In his view, "many 4G modems on the market are sold withrouterVery insecure, once used by criminals, it is easy to cause personal information to be leaked or subjected to command execution attacks. ”
"We found key remote vulnerabilities that could be exploited in a range of devices from multiple vendors, and it took a lot of effort for someone who knows the technology," Richter explained. "Know that the OEMs who engage in such wireless communication technologies are the same in the world, and their hardware and software will appear in everyone's daily life."
The most frightening thing is that these vulnerabilities exist in almost all kinds of price products, regardless of consumer routing or enterprise products.
Fortunately, Richter notified the vendors in time after they found the problem, and most of these vulnerabilities were fixed before the results of their research were published. However, some manufacturers are not well-informed.
ZTE Router Vulnerability
In Richter's view, the most troublesome of the various routing vendors is ZTE. After learning the vulnerability information, they were too lazy to fix it. They placed the MF910 and MF65+ routing products directly in the “End of Life Period” column and refused to provide technical support. However, there is no news on the company's website that “discards” the MF910.

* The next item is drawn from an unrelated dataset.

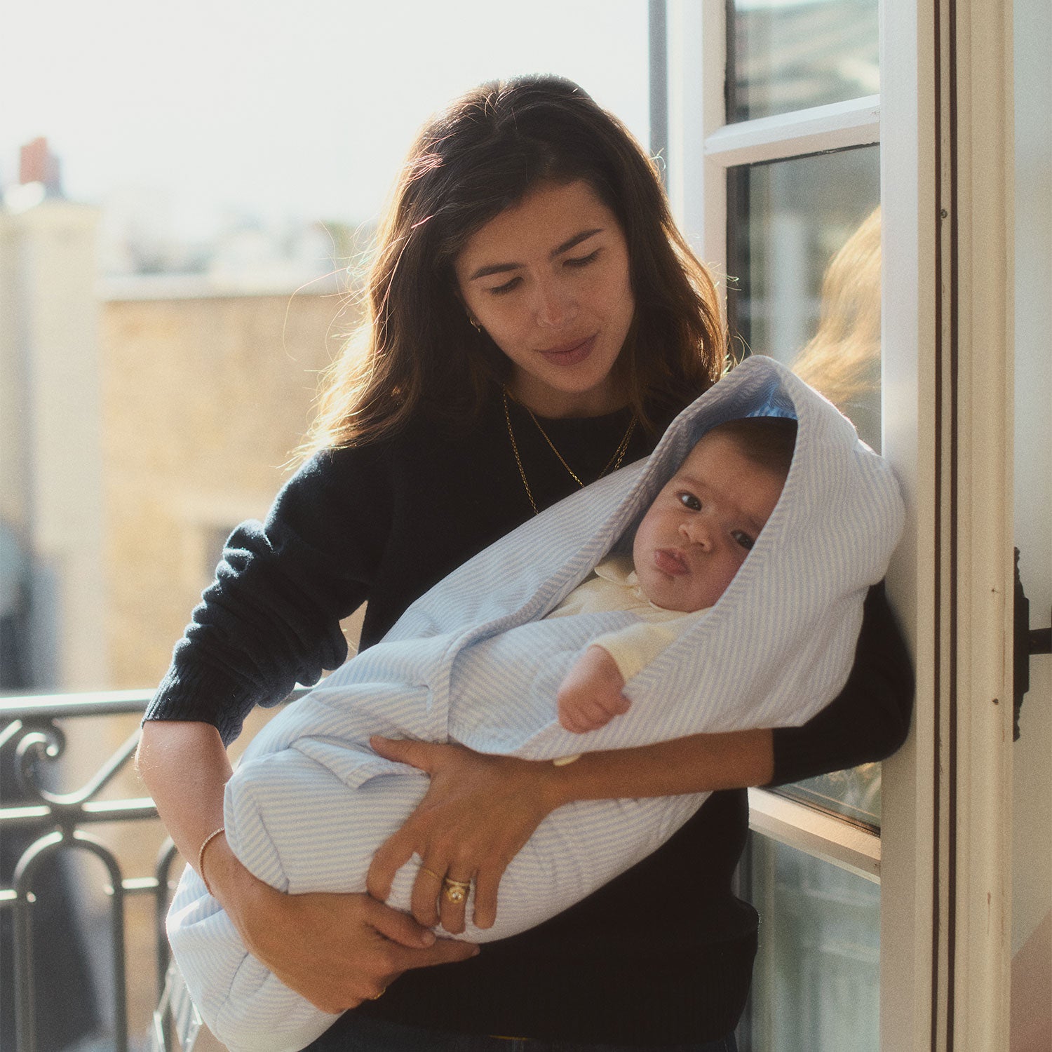 Sacco per la navicella e la carrozzina del passeggino, ideale per i primi mesi in cui il neonato sta sdraiato. È morbido e presenta tre bottoni per regolare la chiusura. I bottoni sono realizzati anch’essi in cotone.

Later, Richter tested another ZTE router called the MF920, which shared the same code base with the previous generation, and exposed almost the same vulnerability. This time, ZTE can only choose to repair.
If you are using the MF910 and MF65+, you can only ask for more than the following problems.
1. The administrator password may be compromised (pre-authentication).
2. The troubleshooting endpoint is very vulnerable to command injection attacks (post-authentication).
3. There will still be cross-site scripting attacks on the "test page" that is not used at all.
"If you connect these vulnerabilities, you can execute arbitrary code on the router by tricking users into visiting malicious web pages," Richter added.To learn more about the vulnerability analysis of the MF910, visit the HERE website.
As for the MF920 issue, you can query the following two CVEs:
• CVE-2019-3411 – Information Disclosure
• CVE-2019-3412 – arbitrary command execution
NETGEAR and TP-LINK did not run
NETGEAR and TP-LINK's 4G routing did not escape the eyes of Pen Test Partners researchers, who have been opened with 4 CVEs.
Take the NETGEAR Nighthawk M1 mobile routing, if you do not set a complex password, it will not only be subject to cross-site forgery request attack (CVE-2019-14526), but also post-authentication command injection attack (CVE-2019-14527) )danger.
The hacking method is similar to the above, and it also induces users to access malicious pages. In addition, Richter details how to break the NETGEAR firmware encryption.
TP-LINK's M7350 4G LTE mobile routing is also problematic. It is more vulnerable to command injection attacks. For this reason, the following two CVEs have been opened:
• CVE-2019-12103 – Pre-authentication command injection
• CVE-2019-12104 – Post-authentication command injection
“With the continuous advancement of wireless networks, many users who have less bandwidth requirements have already started full 4G life,” Richter said. “However, the manufacturers that sell 4G routers are really less focused. What to do after the 5G era.”